Resolute dieting at year’s end not as easy as you might like

One of the most popular – and least successful – New Year’s resolutions has to do with eating and its consequences. This would be the pledge, solemnly muttered on the bathroom scale after the holidays, to lose weight. For some people, the resolution to diet is accompanied by a vow to embark on a fitness program.

So it will be that millions of Americans will take stock of their lives this week and decide that the happier, more successful version of themselves would be 30 pounds thinner and have better muscle tone. Never mind that millions of Americans make thesame resolution year after year and still end up dissatisfied with their eating and exercise habits and the bodies they produce.

This is what we do. It’s a treadmill that never stops but never permanently grants us our wish. Many of us believe we should be able to control our body shape and size, just as we can achieve any other goal in our lives, if we just try hard enough and make the appropriate sacrifices. Commanding our individual destinies is the American way.

As a person whose weight waxes and wanes with the best of them, I know this routine by heart. The solution to the problem is fairly simple, namely reasonable portion sizes, moderate consumption of processed sugar and complex carbs, and 30 to 45 minutes of aerobic exercise four times a week. Anyone who follows those general guidelines faithfully will lose weight gradually and keep it off.
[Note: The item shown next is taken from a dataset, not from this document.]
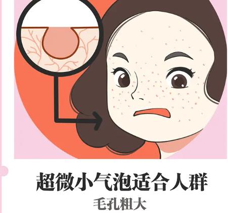 韩式小气泡是通过真空负压形成真空回路,将超细气泡与营养液充分结合,通过特殊设计的小螺旋吸头直接作用于皮肤,可以使气泡与皮肤保持接触长时间使用,从而促进去角质。韩式气泡结合吸附,能深层清洁面部,在安全的状态下去除老化角质和皮脂,彻底清除毛囊漏斗内的各种杂质、螨虫和油脂残留物,使毛囊漏斗充满营养。

The problem is that many people require the structure of a diet to lose weight. Now that the low-carb fad has faded, the trend seems to be moving toward so-called Mediterranean or wine country diets, which incorporate olive oil, fruits and vegetables into the regimen. One of the most popular, the Sonoma Diet, has been around about a year. A cookbook tailored to its menus was published this month.

A diet that my husband’s physician recommended as a way to realign his cholesterol numbers is not likely to become part of a New Year’s resolution at my house. This would be the hunter-gatherer diet, which emphasizes fruits, vegetables, olives and nuts, and puts the kibosh on processed foods and rice, potatoes, pasta and bread. The sticking point for my husband has been the prominent mention in the literature of fish and poultry, his two least favorite meats.

Moreover, to underscore the diet’s reliance on lean meats, wild fowl and deer, bison and elk are listed as options. Whether a person likes these meats or not, people don’t eat them routinely, unless they happen to have a freezer full of game. On top of the fish and chicken thing, this makes the diet seem imposing from the outset.

As I’ve researched this particular diet, which has been around awhile, it has a lot in common with the carb-restricted and Mediterranean diets in that it discourages processed sugars and complex carbs and emphasizes the good carbs and healthy fats. Variously referred to as the Paleolithic Diet, the Stone Age Diet and the Cave Man Diet, this particular regimen purports to transport us back to the pre-agriculture dining options available to our ancestors as they evolved.

According to several advocates of the diet, these are the foods that we are genetically coded to eat. It’s a return-to-nature thing. In addition, our Paleo forebears who ate this way didn’t suffer from high blood pressure, heart disease and diabetes.

The big-game angle may appeal to some dieters, who wouldn’t be drawn to another diet. In the end, it’s just another take on the same general approach to losing weight and eating healthier.